--- DATASET CONTENT ---

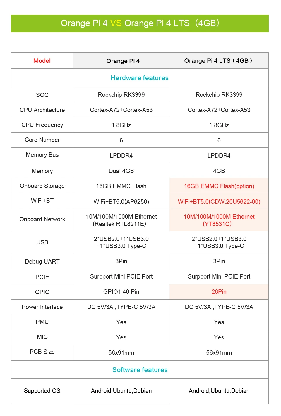Orange Pi 4 LTS 4 Гб LPDDR4 16 Гб EMMC Rockchip RK3399 Cortex-A72 A53 Wifi + BT5.0 Gigabit Ethernet Поддержка Android Ubuntu Debian OS
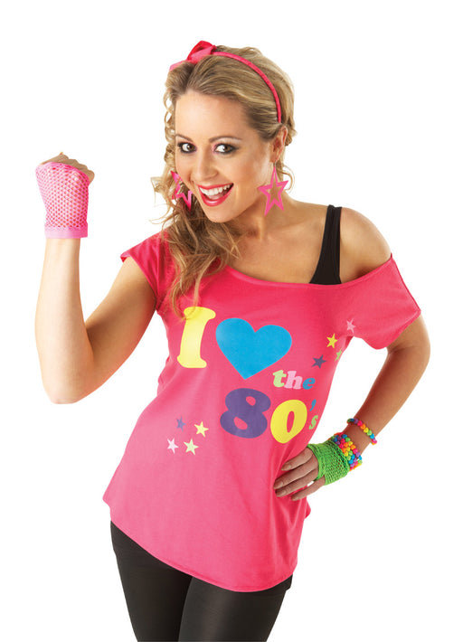 Pink t-shirt with "I Heart the 80's" print in classic retro neon colours. Size Dress Small 8-10 Medium 12-14 Large 16-18 Note: Measure...
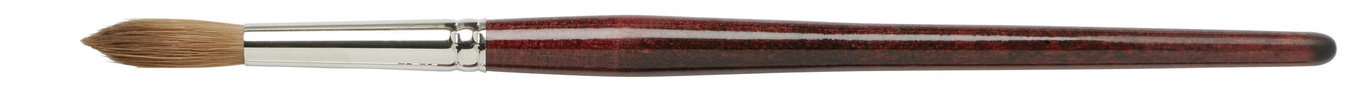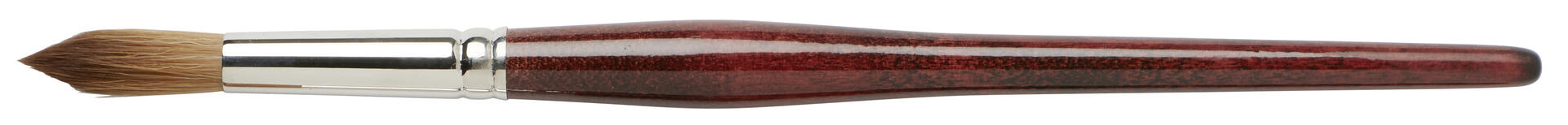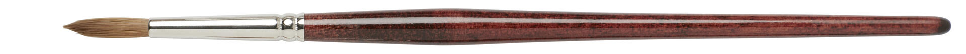 6 st/fp. Rund borst av syntetiskt Kolinsky-hår i hög kvalitet. Formfast och vätskehållande: perfekt för akvarellmålning och tunnare färger inklusive sidenmålning. Lackerat skaft av FSC-certifierat trä och aluminiumskoning.

---

TASK OBJECTIVE -
Write out exactly the opening lines of the data, stopping after the line that holds "Pink t-shirt with". Exclude pictures.

SOLVED PROBLEM -
Orange Pi 4 LTS 4 Гб LPDDR4 16 Гб EMMC Rockchip RK3399 Cortex-A72 A53 Wifi + BT5.0 Gigabit Ethernet Поддержка Android Ubuntu Debian OS
 Pink t-shirt with "I Heart the 80's" print in classic retro neon colours. Size Dress Small 8-10 Medium 12-14 Large 16-18 Note: Measure...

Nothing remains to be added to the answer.